◆ Work required
For every entry that follows, return the words exactly and omit any picture.

◆ Excerpted data
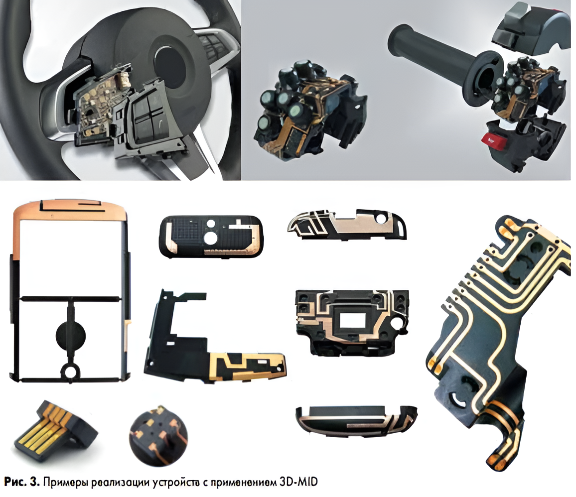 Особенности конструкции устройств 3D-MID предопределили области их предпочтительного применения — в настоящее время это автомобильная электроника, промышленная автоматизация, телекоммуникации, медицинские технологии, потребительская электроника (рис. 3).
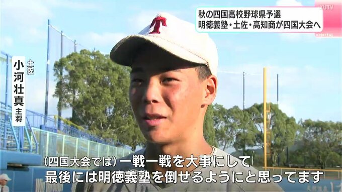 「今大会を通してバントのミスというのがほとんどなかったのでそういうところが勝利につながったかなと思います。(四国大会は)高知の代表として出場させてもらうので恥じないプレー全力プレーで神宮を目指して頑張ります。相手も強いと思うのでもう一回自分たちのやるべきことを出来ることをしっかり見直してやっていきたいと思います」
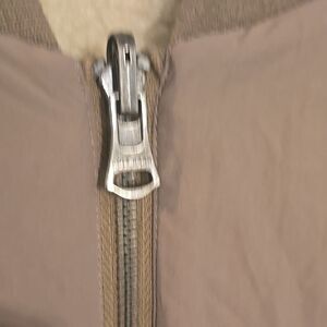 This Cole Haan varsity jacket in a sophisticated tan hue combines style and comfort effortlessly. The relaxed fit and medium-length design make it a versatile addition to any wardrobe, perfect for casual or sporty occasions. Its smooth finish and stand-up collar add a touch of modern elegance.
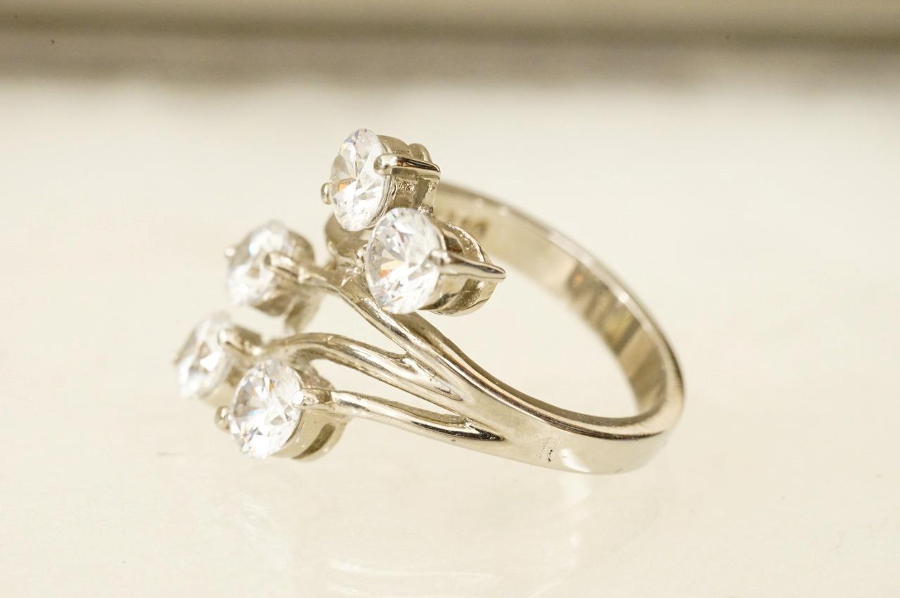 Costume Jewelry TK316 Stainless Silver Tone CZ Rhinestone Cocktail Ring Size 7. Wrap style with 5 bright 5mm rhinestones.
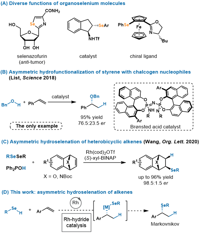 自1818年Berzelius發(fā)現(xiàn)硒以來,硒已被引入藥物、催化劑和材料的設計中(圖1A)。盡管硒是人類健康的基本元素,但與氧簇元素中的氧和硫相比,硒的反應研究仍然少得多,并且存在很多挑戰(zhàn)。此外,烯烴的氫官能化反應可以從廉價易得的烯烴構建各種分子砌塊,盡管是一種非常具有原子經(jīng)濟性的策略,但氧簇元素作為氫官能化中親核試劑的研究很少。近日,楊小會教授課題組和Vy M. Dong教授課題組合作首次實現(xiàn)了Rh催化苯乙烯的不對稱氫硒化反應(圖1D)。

◆ Result below
 Особенности конструкции устройств 3D-MID предопределили области их предпочтительного применения — в настоящее время это автомобильная электроника, промышленная автоматизация, телекоммуникации, медицинские технологии, потребительская электроника (рис. 3).
 「今大会を通してバントのミスというのがほとんどなかったのでそういうところが勝利につながったかなと思います。(四国大会は)高知の代表として出場させてもらうので恥じないプレー全力プレーで神宮を目指して頑張ります。相手も強いと思うのでもう一回自分たちのやるべきことを出来ることをしっかり見直してやっていきたいと思います」
 This Cole Haan varsity jacket in a sophisticated tan hue combines style and comfort effortlessly. The relaxed fit and medium-length design make it a versatile addition to any wardrobe, perfect for casual or sporty occasions. Its smooth finish and stand-up collar add a touch of modern elegance.
 Costume Jewelry TK316 Stainless Silver Tone CZ Rhinestone Cocktail Ring Size 7. Wrap style with 5 bright 5mm rhinestones.
 自1818年Berzelius發(fā)現(xiàn)硒以來,硒已被引入藥物、催化劑和材料的設計中(圖1A)。盡管硒是人類健康的基本元素,但與氧簇元素中的氧和硫相比,硒的反應研究仍然少得多,并且存在很多挑戰(zhàn)。此外,烯烴的氫官能化反應可以從廉價易得的烯烴構建各種分子砌塊,盡管是一種非常具有原子經(jīng)濟性的策略,但氧簇元素作為氫官能化中親核試劑的研究很少。近日,楊小會教授課題組和Vy M. Dong教授課題組合作首次實現(xiàn)了Rh催化苯乙烯的不對稱氫硒化反應(圖1D)。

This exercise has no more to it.